La moitié de tous les enseignants de France, soit quelque
400 000 personnels de l’éducation nationale ont fait grève et 200 000
ont défilé dans les rues d’une centaine de villes jeudi dernier lors de la
quatrième journée d’action en l’espace de deux mois dans l’éducation. Ont aussi
participé à ce mouvement quelques enseignants du privé.
C’était une grève à l’appel de tous les syndicats de
l’éducation pour protester contre les attaques sur l’éducation perpétrées par
le gouvernement du président Nicolas Sarkozy, dont les suppressions
draconiennes de postes d’enseignants.

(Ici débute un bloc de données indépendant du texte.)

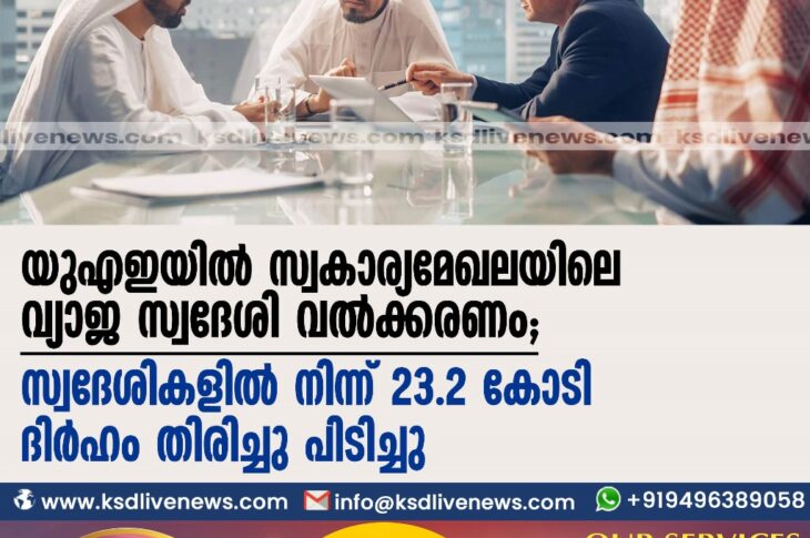 ഗൾഫ് യുഎഇയിൽ സ്വകാര്യമേഖലയിലെ വ്യാജ സ്വദേശിവൽക്കരണം; സ്വദേശികളിൽ നിന്ന് 23.2 കോടി ദിർഹം തിരിച്ചു പിടിച്ചുAugust 10, 2023

Ils ont été rejoints par des lycéens, des
étudiants et des parents d’élèves.
Après avoir supprimé 11 200 postes d’enseignants en 2008,
le ministre de l’Education Xavier Darcos prévoit d’en supprimer 13 500
supplémentaires en 2009. La suppression de 3000 postes de RASED (Réseaux
d’aides spécialisées aux élèves en difficulté) a tout particulièrement indigné
les enseignants du primaire. Dans les lycées, enseignants et élèves sont
concernés par les réductions d’heures de cours dans diverses matières qui
permettent au gouvernement de supprimer des postes.

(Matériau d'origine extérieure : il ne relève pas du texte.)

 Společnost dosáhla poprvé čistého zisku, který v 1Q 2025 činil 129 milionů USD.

Darcos a fait une série de déclarations laissant entendre
qu’il y a beaucoup trop d’enseignants ayant une formation trop poussée. Il a
suggéré qu’il n’était pas nécessaire d’avoir un diplôme universitaire pour
s’occuper d’enfants en maternelle où l’on dispense un enseignement public
gratuit, souvent avant l’âge de trois ans. Il a proclamé, « les
enseignants n’ont pas besoin d’être à bac +5 pour faire faire des siestes à des
enfants ou leur changer les couches. »
Dans une déclaration provocatrice faite jeudi, il a ajouté,
« La question n’est pas de savoir combien ils sont mais comment ils vont.
Les courbes qui m’intéressent, ce sont les courbes des résultats, ce ne sont
pas les courbes de nombre des enseignants. »
De telles déclarations sont tout à fait dans la ligne de la
politique de Sarkozy qui avait écrit dans une lettre aux enseignants en 2007: « Dans
l'école que j'appelle de mes vœux où la priorité sera accordée à la qualité sur
la quantité, où il y aura moins d'heures de cours, où les moyens seront mieux
employés parce que l'autonomie permettra de les gérer davantage selon les
besoins, les enseignants, les professeurs seront moins nombreux. »
Un aspect sinistre de cette journée d’action a été la
tentative du gouvernement d’appliquer la loi sur le service minimum d’accueil
(SMA) forçant les communes à organiser l’accueil des élèves du primaire dont
les enseignants sont en grève. Les communes à majorité socialiste ou communiste
ont, en grande partie, refusé de prendre cette responsabilité. Darcos a menacé
de sanctions les communes récalcitrantes. Mais les tentatives des préfets
d’engager des poursuites judiciaires contre elles ont été rejetées par les
tribunaux. Les communes conduites par l’UMP (Union pour un mouvement populaire)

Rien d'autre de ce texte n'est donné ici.